● **RECORDED INFORMATION**
*** Block opens ***

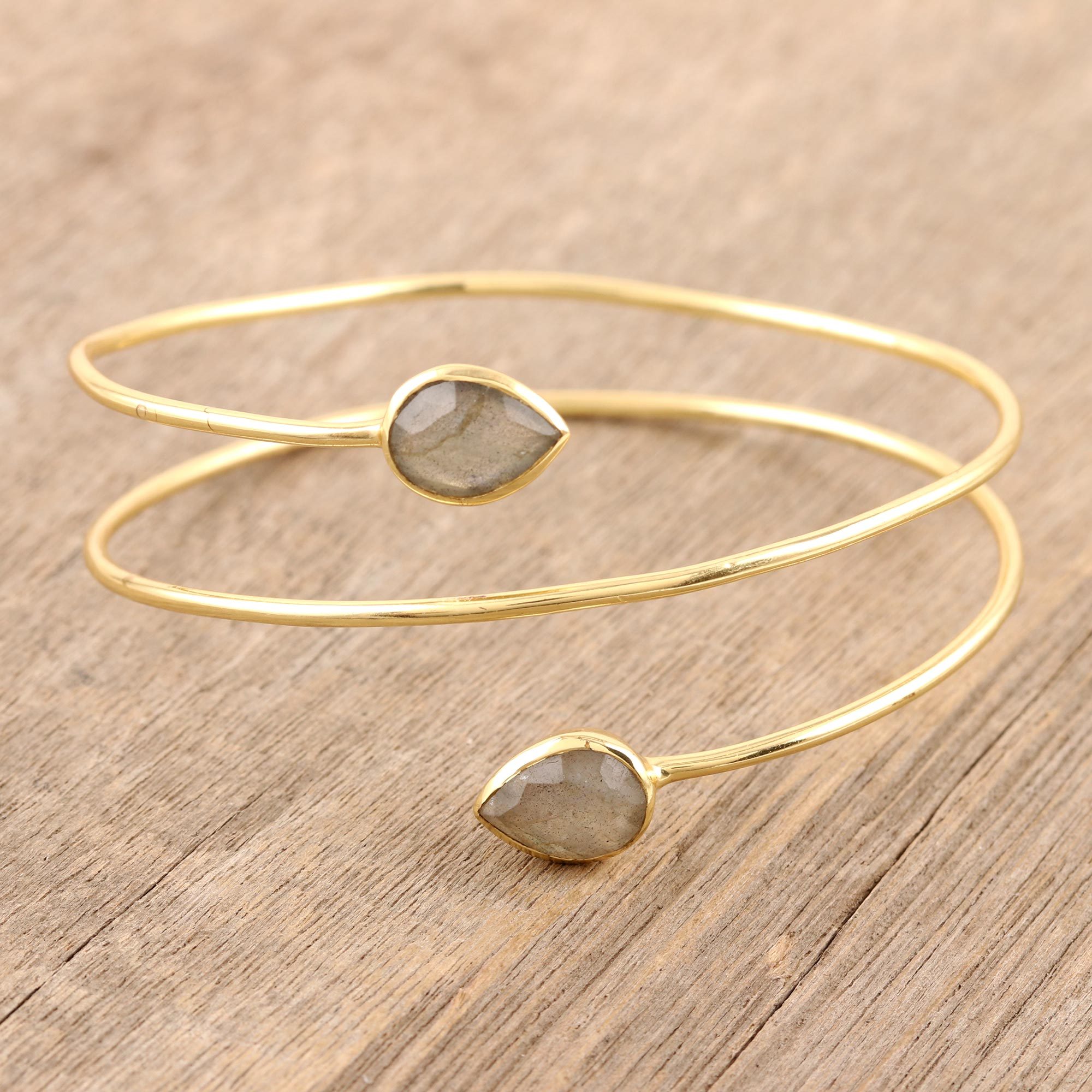 Two labradorite teardrops bookend this elegant twist on the classic cuff bracelet. Indian artisan Neetu Barathi crafts the bracelet from a coil of 18k gold-plated sterling silver, then completes the cuff with two labradorite gemstones in bezel settings.
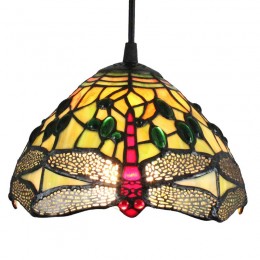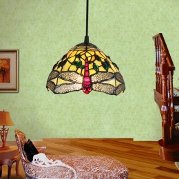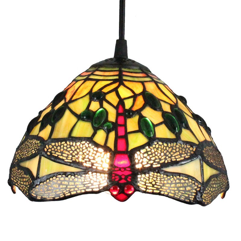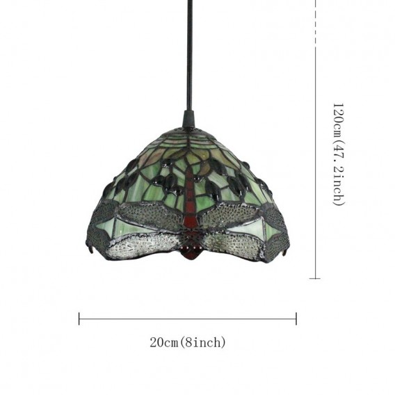 Ručno izrađena vintage pastoralna retro Tiffany viseća svjetiljka od 8 inča sa staklenim sjenilom s uzorkom vretenaca
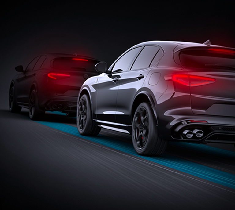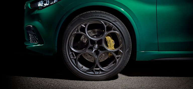 Consommation de carburant Gamme Stelvio Quadrifoglio (l/100 km) : 11,8 ; Émission de CO2 (g/km) : 267. Valeurs déterminées sur la base du cycle pondéré WLTP, mis à jour au 4 avril 2023 lors des activités d'essais de pré-approbation et pouvant varier avant l'homologation finale. Les valeurs indiquées sont à titre comparatif.
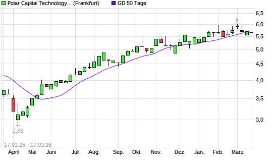 Mit dem Rücksetzer auf 5,65 EUR hat die POLAR CAP.T.-Aktie am 16.03.2026 die 50-Tage-Linie nach unten gekreuzt.
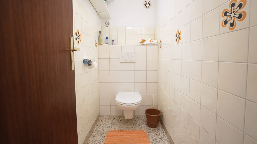 Geradeaus vom Vorraum führt ein kleiner Gang zu einem weiteren Schlafzimmer sowie zum Badezimmer, das mit einer Badewanne ausgestattet ist. Ein separates WC sorgt für zusätzlichen Komfort.
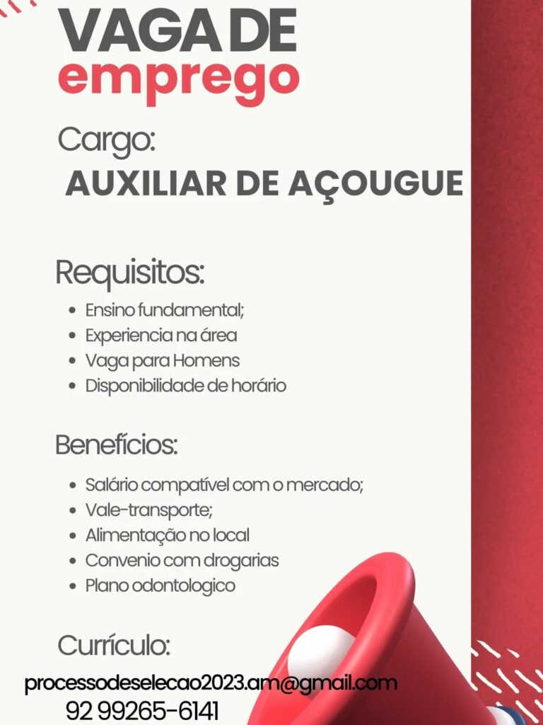 Empresa está selecionando Auxiliar de açougue; Envie seu currículo!
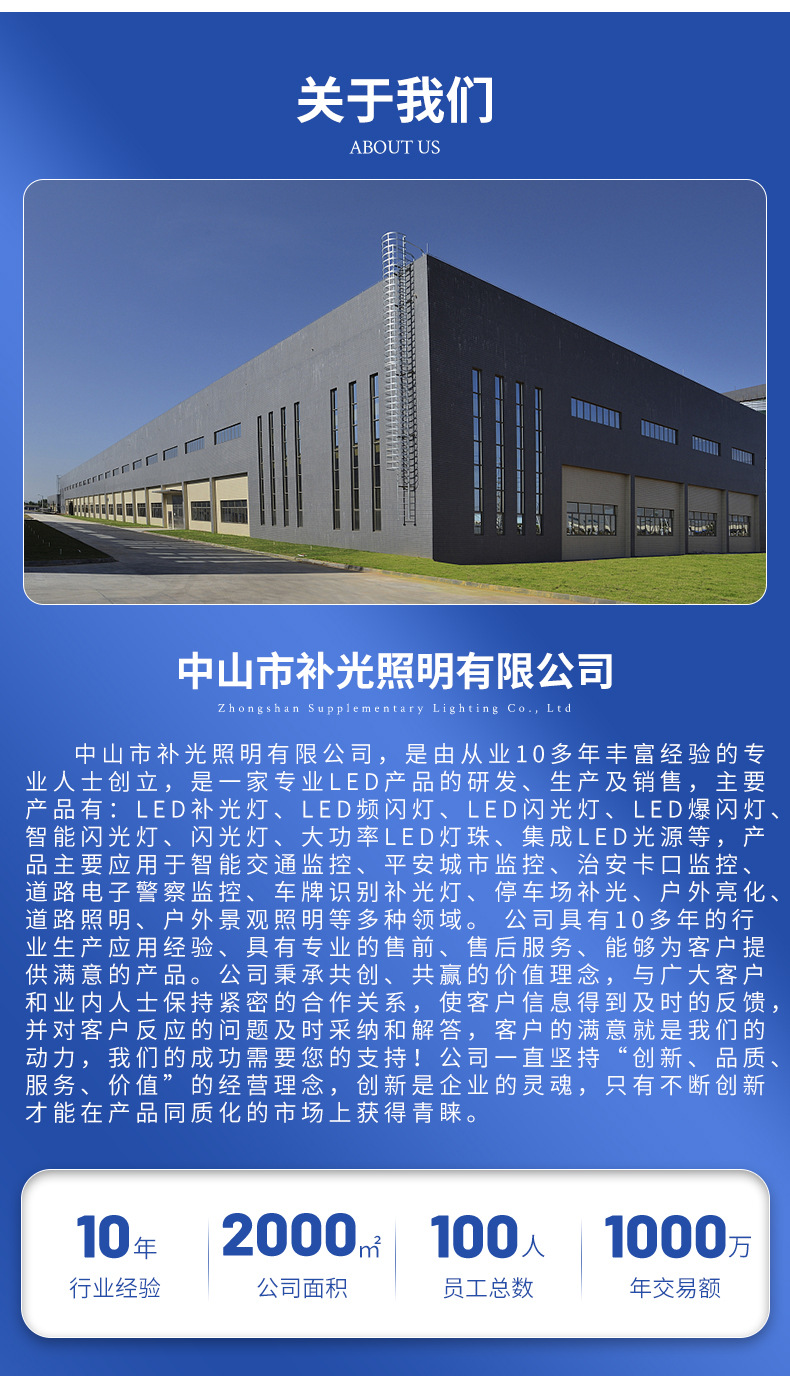 中山市補光照明有限公司是一家專業(yè)中山LED補光燈產(chǎn)品的研發(fā)、生產(chǎn)和銷售,主要產(chǎn)品有:中山LED補光燈、LED頻閃燈、LED閃光燈、LED爆閃燈等,產(chǎn)品主要應用于智能交通監(jiān)控戶外亮化、道路照明、戶外景觀照明等多種領(lǐng)域。

*** Block closes ***

● **THE TASK**
Repeat the material exactly, without images.

● **SOLUTION FOR THIS TASK**
 Two labradorite teardrops bookend this elegant twist on the classic cuff bracelet. Indian artisan Neetu Barathi crafts the bracelet from a coil of 18k gold-plated sterling silver, then completes the cuff with two labradorite gemstones in bezel settings.
 Ručno izrađena vintage pastoralna retro Tiffany viseća svjetiljka od 8 inča sa staklenim sjenilom s uzorkom vretenaca
 Consommation de carburant Gamme Stelvio Quadrifoglio (l/100 km) : 11,8 ; Émission de CO2 (g/km) : 267. Valeurs déterminées sur la base du cycle pondéré WLTP, mis à jour au 4 avril 2023 lors des activités d'essais de pré-approbation et pouvant varier avant l'homologation finale. Les valeurs indiquées sont à titre comparatif.
 Mit dem Rücksetzer auf 5,65 EUR hat die POLAR CAP.T.-Aktie am 16.03.2026 die 50-Tage-Linie nach unten gekreuzt.
 Geradeaus vom Vorraum führt ein kleiner Gang zu einem weiteren Schlafzimmer sowie zum Badezimmer, das mit einer Badewanne ausgestattet ist. Ein separates WC sorgt für zusätzlichen Komfort.
 Empresa está selecionando Auxiliar de açougue; Envie seu currículo!
 中山市補光照明有限公司是一家專業(yè)中山LED補光燈產(chǎn)品的研發(fā)、生產(chǎn)和銷售,主要產(chǎn)品有:中山LED補光燈、LED頻閃燈、LED閃光燈、LED爆閃燈等,產(chǎn)品主要應用于智能交通監(jiān)控戶外亮化、道路照明、戶外景觀照明等多種領(lǐng)域。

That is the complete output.